#### [PROBLEM REQUIREMENTS]
Working from the records below, repeat exactly the lines starting at the line that contains "Взял недавно собаку" and ending at the line that contains "We have a new", inclusive.

#### [DATASET ENTRIES]
━━━━━━━━━━
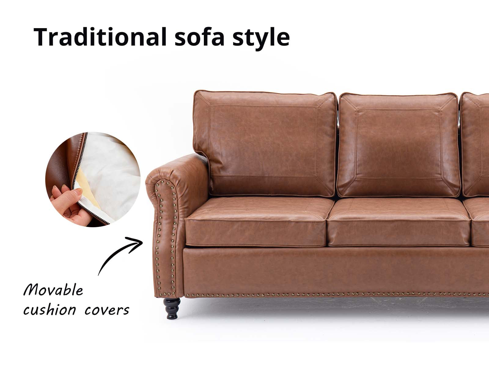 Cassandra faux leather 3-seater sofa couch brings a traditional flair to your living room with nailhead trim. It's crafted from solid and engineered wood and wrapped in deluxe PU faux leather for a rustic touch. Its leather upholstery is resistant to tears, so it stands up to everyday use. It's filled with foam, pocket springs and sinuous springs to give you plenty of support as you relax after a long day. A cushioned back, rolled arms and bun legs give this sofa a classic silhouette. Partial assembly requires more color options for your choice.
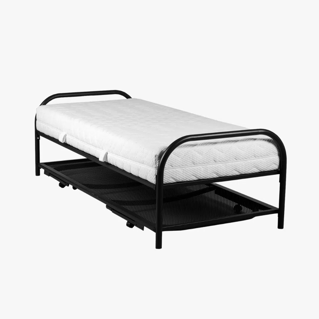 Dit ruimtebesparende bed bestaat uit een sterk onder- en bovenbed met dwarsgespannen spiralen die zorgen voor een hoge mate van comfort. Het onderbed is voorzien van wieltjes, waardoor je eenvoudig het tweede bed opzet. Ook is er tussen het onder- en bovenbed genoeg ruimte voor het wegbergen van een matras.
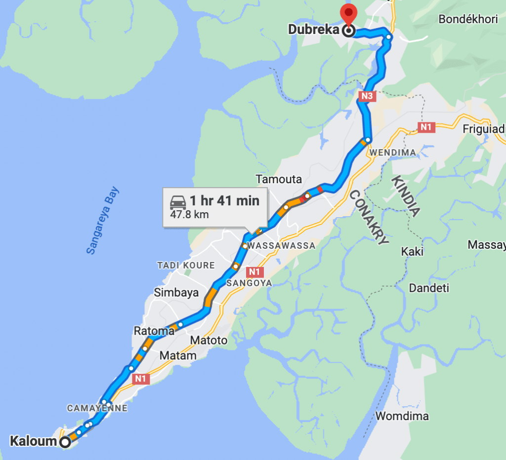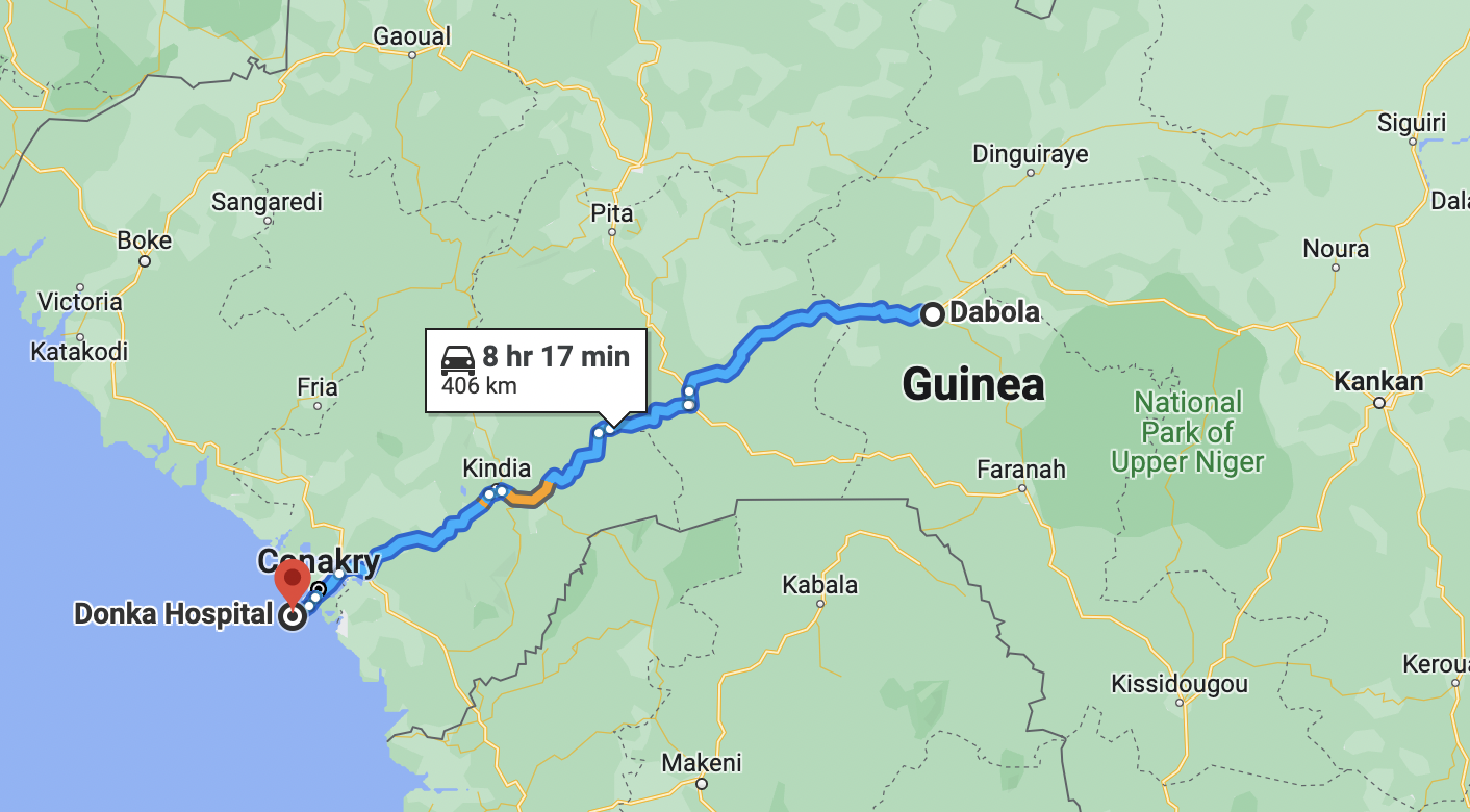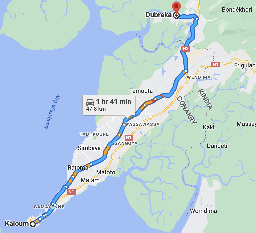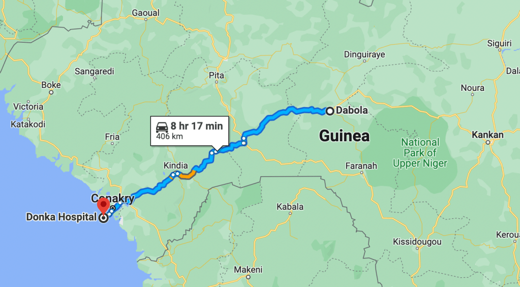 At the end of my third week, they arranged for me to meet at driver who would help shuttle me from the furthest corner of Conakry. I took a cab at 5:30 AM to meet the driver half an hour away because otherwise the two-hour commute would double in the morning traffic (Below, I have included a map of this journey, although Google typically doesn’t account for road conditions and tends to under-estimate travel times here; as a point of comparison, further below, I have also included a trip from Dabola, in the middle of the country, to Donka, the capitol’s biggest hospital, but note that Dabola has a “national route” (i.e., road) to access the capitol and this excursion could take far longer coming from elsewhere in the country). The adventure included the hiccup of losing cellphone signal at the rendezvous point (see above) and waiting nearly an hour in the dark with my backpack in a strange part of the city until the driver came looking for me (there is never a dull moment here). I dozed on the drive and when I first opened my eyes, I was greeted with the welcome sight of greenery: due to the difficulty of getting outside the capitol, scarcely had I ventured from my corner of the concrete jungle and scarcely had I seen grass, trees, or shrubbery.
━━━━━━━━━━
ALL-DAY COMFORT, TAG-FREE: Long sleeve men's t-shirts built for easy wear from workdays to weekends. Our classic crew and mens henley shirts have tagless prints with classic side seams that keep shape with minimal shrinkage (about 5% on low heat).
━━━━━━━━━━
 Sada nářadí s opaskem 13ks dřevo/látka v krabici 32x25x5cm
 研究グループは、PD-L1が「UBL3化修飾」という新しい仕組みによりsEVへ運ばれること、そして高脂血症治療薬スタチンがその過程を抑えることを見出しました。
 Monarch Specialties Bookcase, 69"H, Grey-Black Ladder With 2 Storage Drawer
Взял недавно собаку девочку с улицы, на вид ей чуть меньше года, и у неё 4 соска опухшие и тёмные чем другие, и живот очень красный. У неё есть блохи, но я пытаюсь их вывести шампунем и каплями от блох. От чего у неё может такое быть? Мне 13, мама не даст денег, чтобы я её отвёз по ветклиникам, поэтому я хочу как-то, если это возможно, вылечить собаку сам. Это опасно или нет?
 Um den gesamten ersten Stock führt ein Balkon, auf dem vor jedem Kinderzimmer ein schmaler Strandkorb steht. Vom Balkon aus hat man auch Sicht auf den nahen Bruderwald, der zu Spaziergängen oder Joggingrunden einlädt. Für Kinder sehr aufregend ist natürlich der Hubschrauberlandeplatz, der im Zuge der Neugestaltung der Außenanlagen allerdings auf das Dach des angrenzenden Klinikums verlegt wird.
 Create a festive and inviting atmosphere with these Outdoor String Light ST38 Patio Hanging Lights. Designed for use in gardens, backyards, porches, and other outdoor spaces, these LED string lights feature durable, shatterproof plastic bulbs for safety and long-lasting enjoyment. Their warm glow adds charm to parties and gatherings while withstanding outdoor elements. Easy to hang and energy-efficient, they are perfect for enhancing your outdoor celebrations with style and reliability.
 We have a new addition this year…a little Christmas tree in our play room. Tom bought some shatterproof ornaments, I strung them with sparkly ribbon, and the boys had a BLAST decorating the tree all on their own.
━━━━━━━━━━
#### [COMPLETED TASK]
Взял недавно собаку девочку с улицы, на вид ей чуть меньше года, и у неё 4 соска опухшие и тёмные чем другие, и живот очень красный. У неё есть блохи, но я пытаюсь их вывести шампунем и каплями от блох. От чего у неё может такое быть? Мне 13, мама не даст денег, чтобы я её отвёз по ветклиникам, поэтому я хочу как-то, если это возможно, вылечить собаку сам. Это опасно или нет?
 Um den gesamten ersten Stock führt ein Balkon, auf dem vor jedem Kinderzimmer ein schmaler Strandkorb steht. Vom Balkon aus hat man auch Sicht auf den nahen Bruderwald, der zu Spaziergängen oder Joggingrunden einlädt. Für Kinder sehr aufregend ist natürlich der Hubschrauberlandeplatz, der im Zuge der Neugestaltung der Außenanlagen allerdings auf das Dach des angrenzenden Klinikums verlegt wird.
 Create a festive and inviting atmosphere with these Outdoor String Light ST38 Patio Hanging Lights. Designed for use in gardens, backyards, porches, and other outdoor spaces, these LED string lights feature durable, shatterproof plastic bulbs for safety and long-lasting enjoyment. Their warm glow adds charm to parties and gatherings while withstanding outdoor elements. Easy to hang and energy-efficient, they are perfect for enhancing your outdoor celebrations with style and reliability.
 We have a new addition this year…a little Christmas tree in our play room. Tom bought some shatterproof ornaments, I strung them with sparkly ribbon, and the boys had a BLAST decorating the tree all on their own.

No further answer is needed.